I'm looking for pythonic way to convert list of tuples which looks like this:

 res = [{type: 1, name: 'Nick'}, {type: 2, name: 'Helma'}, ...]

To dict like this:

 {1: [{type: 1, name: 'Nick'}, ...], 2: [{type: 2, name: 'Helma'}, ...]}

Now i do this with code like this ( based on this question ):

 d = defaultdict(list) 
 for v in res:
    d[v["type"]].append(v)

Is this a Pythonic way to build dict of lists of objects by attribute?

Answer 1

I agree with the commentators that here, list comprehension will lack, well, comprehension.

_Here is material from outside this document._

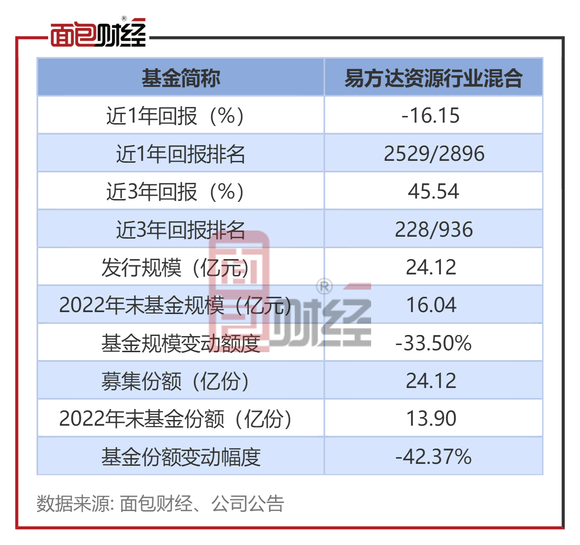 易方达资源行业混合的发行规模约24.12亿元(对应募集份额约24.12亿份)。2022年四季度末,该基金的基金资产净值约为16.04亿元、基金份额总额约为13.90亿份,分别下降约33.50%、42.37%。

Having said that, here's how it can go:

import itertools

a = [{'type': 1, 'name': 'Nick'}, {'type': 2, 'name': 'Helma'}, {'type': 1, 'name': 'Moshe'}]
by_type = lambda a: a['type']  
>>> dict([(k, list(g)) for (k, g) in itertools.groupby(sorted(a, key=by_type), key=by_type)])
{1: [{'name': 'Nick', 'type': 1}, {'name': 'Moshe', 'type': 1}], ...}

The code first sorts by 'type' , then uses itertools.groupby to group by the exact same critera.

---

I stopped understanding this code 15 seconds after I finished writing it :-)

Answer 2

You could do it with a dictionary comprehension, which wouldn't be as illegible or incomprehensible as the comments suggest (IMHO):

# A collection of name and type dictionaries
res = [{'type': 1, 'name': 'Nick'},
       {'type': 2, 'name': 'Helma'},
       {'type': 3, 'name': 'Steve'},
       {'type': 1, 'name': 'Billy'},
       {'type': 3, 'name': 'George'},
       {'type': 4, 'name': 'Sylvie'},
       {'type': 2, 'name': 'Wilfred'},
       {'type': 1, 'name': 'Jim'}]

# Creating a dictionary by type
res_new = {
    item['type']: [each for each in res
                   if each['type'] == item['type']]
    for item in res
}

>>>res_new
{1: [{'name': 'Nick', 'type': 1},
     {'name': 'Billy', 'type': 1},
     {'name': 'Jim', 'type': 1}],
 2: [{'name': 'Helma', 'type': 2},
     {'name': 'Wilfred', 'type': 2}],
 3: [{'name': 'Steve', 'type': 3},
     {'name': 'George', 'type': 3}],
 4: [{'name': 'Sylvie', 'type': 4}]}

Unless I missed something, this should give you the result you're looking for.